Per primo abbiamo chiesto: Cos’è che ha spinto tanti giovani a seguirlo?
Testimonianze
Don Stefano Gerbaudo nasce a Centallo nel 1909 e muore a Fossano il 28 settembre 1950; appena 41 anni di vita, tutti spesi per le anime, in parrocchia, poi tra i seminaristi e le Giovani dell’ Azione Cattolica.
Entra in seminario a 14 anni. E’ sostenuto dal fermo proposito di essere “sacerdote santo a qualunque costo” .
Ecco la figura di “sacerdote santo” che emerge da alcune testimonianze inedite raccolte per il film documentario in lavorazione.
Don Stefano:
- un prete giovane che ha dato la vita per i giovani;
- un prete di preghiera, un prete povero, che si è fatto santo giorno per giorno, a piccoli passi – “a pochitus – a pochitus” -;
- un prete eroico nel fidarsi ciecamente dell'amore del Signore.
- Don Stefano un prete giovane dei giovani
“...Ecco, so questo: la gente per lui fu soprattutto la gioventù femminile e la gioventù femminile allora seguiva con intensità, seguiva con fedeltà, seguiva con generosità la sua chiamata alla santità.
Questo lo posso testimoniare... qualche volta noi seminaristi ci lamentavamo anche un po’ perché non aveva tanto tempo per noi, ma sapevamo che il suo tempo era dato per la Santità di questa gioventù....”
“....Le giovani frequentavano proprio tanto.
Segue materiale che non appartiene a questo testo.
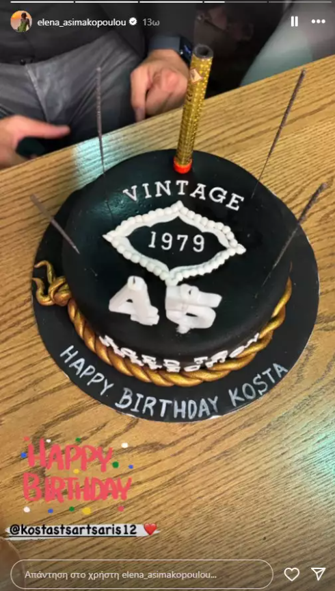 Ο Κώστας Τσαρτσαρής γιόρτασε τα γενέθλιά του, με την ηθοποιό σύντροφό του να επιλέγει μια ασπρόμαυρη vintage τούρτα η οποία αποκάλυπτε την ηλικία του.

L'azione cattolica lavorava molto bene, però possiamo dire proprio grazie al lavoro di approfondimento, al lavoro di formazione, di preghiera che ci faceva fare...”
“... l'ho conosciuto alla Scuola di Propaganda.... mi ha subito interessato il suo modo di fare, la sua gentilezza, soprattutto il suo senso di puntualità...”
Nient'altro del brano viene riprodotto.